*** Opening DATASET ENTRIES ***

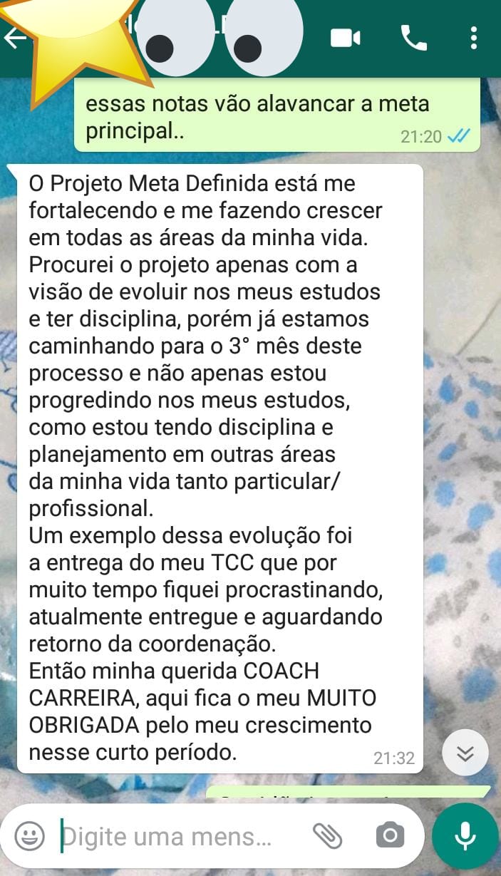 ”O projeto Meta Definida está me fortalecendo e fazendo crescer em todas as áreas da minha vida. procurei o projeto apenas com a visão de evoluir nos meus estudos e ter disciplina, porém, já estamos caminhando para o 3° mês..."
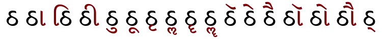 | ठ | ठा | ठि | ठी | ठु | ठू | ठृ | ठॄ | ठॢ | ठॣ | ठे | ठै | ठो | ठौ | ठ् |
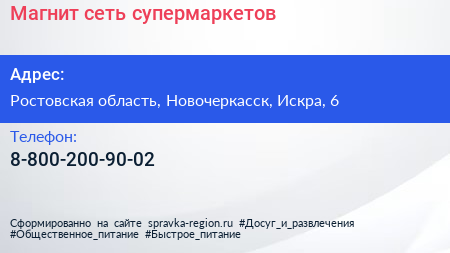 Магнит, сеть супермаркетов по адресу Ростовская область, Новочеркасск, Искра, 6 в дальнейшем Организация, размещена в следующих категориях:
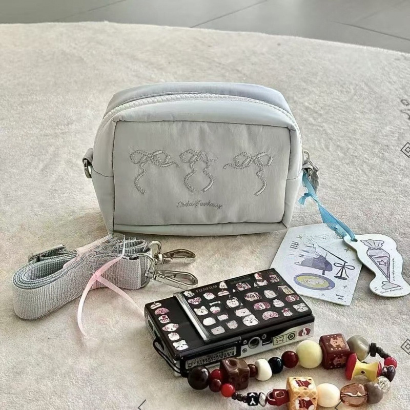 韩系简约CCD相机包日式刺绣蝴蝶化妆包收纳包彩妆包收纳杂物包男
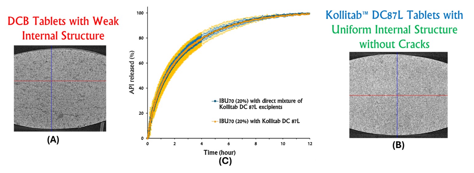 Correlation of tablet internal structure obtained from X-ray CT scan with dissolution performance (A) X-ray CT scan of Kollitab™ DC 87 L components physical blend tablet; (B) (A) X-ray CT scan of Kollitab™ DC 87 L tablet; (C) Ibuprofen release from Kollitab™ DC 87 L components physical blend tablet and Kollitab™ DC 87 L tablet (N=6).
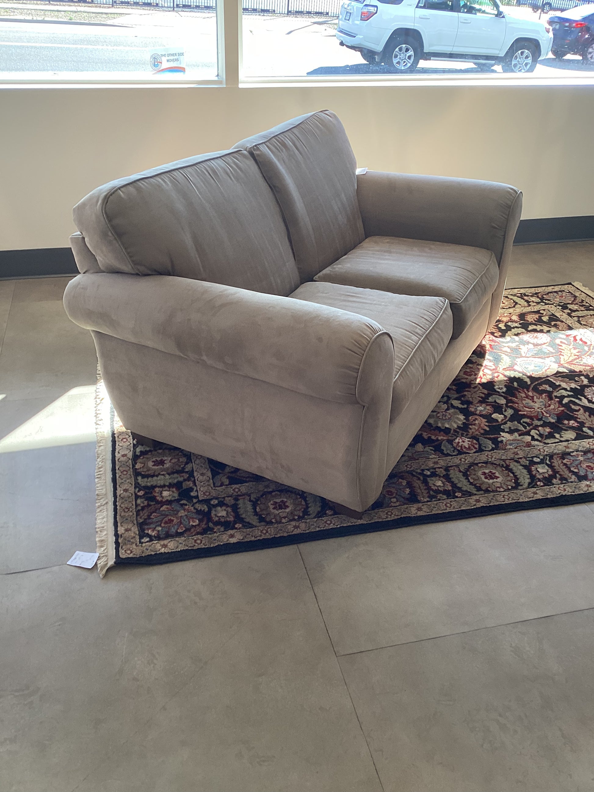 This tan loveseat provides a sleek and stylish addition to any living space. Crafted with high-quality materials, it offers comfortable seating and a modern design. With its neutral color, it effortlessly complements any decor. Add a touch of sophistication and comfort to your home with this tan loveseat.
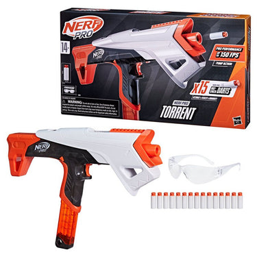 The durable, quick-release magazine is compact and lightweight for convenient portability. The blaster fires darts at a velocity of up to 150 feet per second with pump action priming. The priming mechanism allows you to grip it on either the top or bottom for comfortable operation. Includes removable stock and trigger lock. The magazine and darts are compatible with Nerf Pro blasters. They are not compatible with Nerf Pro Stryfe X blaster and Nerf Pro AccuStrike half-length dart magazines.
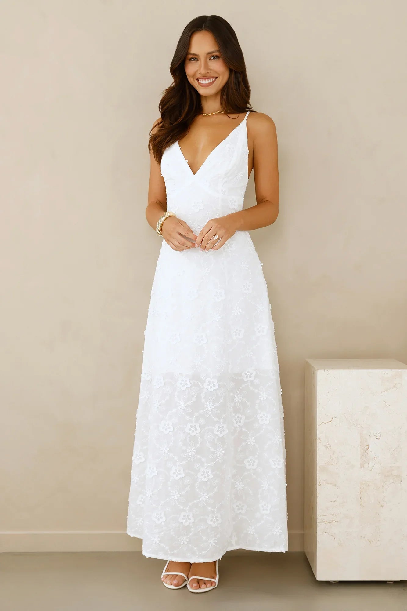 The Soft Moonbeam Maxi Dress exudes romance with its delicate embroidery, flowy skirt, and elegant tie-up back. Style it with strappy heels and soft waves for a dreamy look we love.
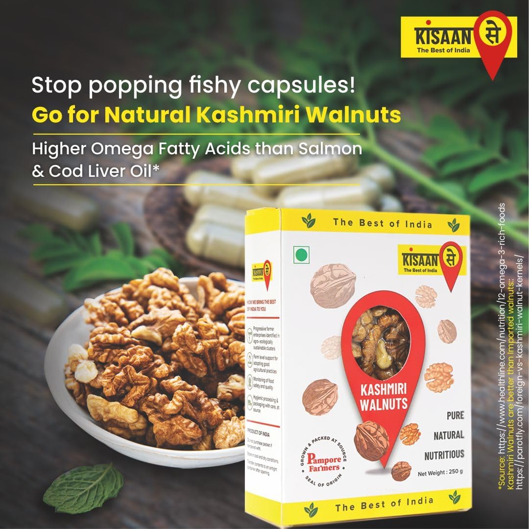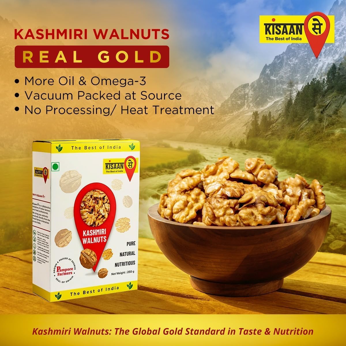 Kisaansay Kashmiri Walnuts 1kg, Without Shell, Best Oil Content, Vacuum-Packed...
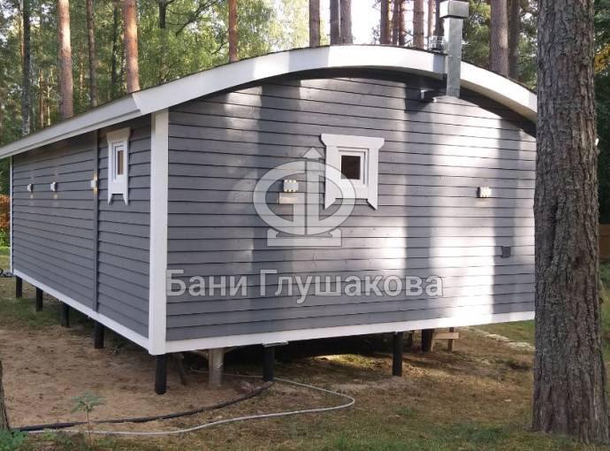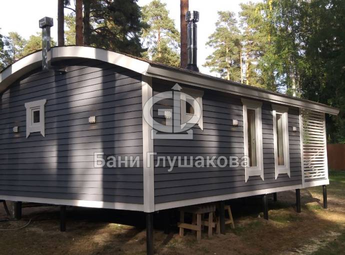 Баня «Бурже» — это сочетание фирменного стиля и продуманной функциональности. Её легко узнать по округлой крыше и высоким панорамным окнам, которые наполняют интерьер светом и создают ощущение простора.

*** Closing DATASET ENTRIES ***

WORK INSTRUCTIONS: Set the pictures aside and retype exactly the lines above from the line with "Магнит, сеть супермаркетов" to the line with "Correlation of tablet", both included, adding no others.

RESULT OF THIS TASK:
 Магнит, сеть супермаркетов по адресу Ростовская область, Новочеркасск, Искра, 6 в дальнейшем Организация, размещена в следующих категориях:
 韩系简约CCD相机包日式刺绣蝴蝶化妆包收纳包彩妆包收纳杂物包男
 Correlation of tablet internal structure obtained from X-ray CT scan with dissolution performance (A) X-ray CT scan of Kollitab™ DC 87 L components physical blend tablet; (B) (A) X-ray CT scan of Kollitab™ DC 87 L tablet; (C) Ibuprofen release from Kollitab™ DC 87 L components physical blend tablet and Kollitab™ DC 87 L tablet (N=6).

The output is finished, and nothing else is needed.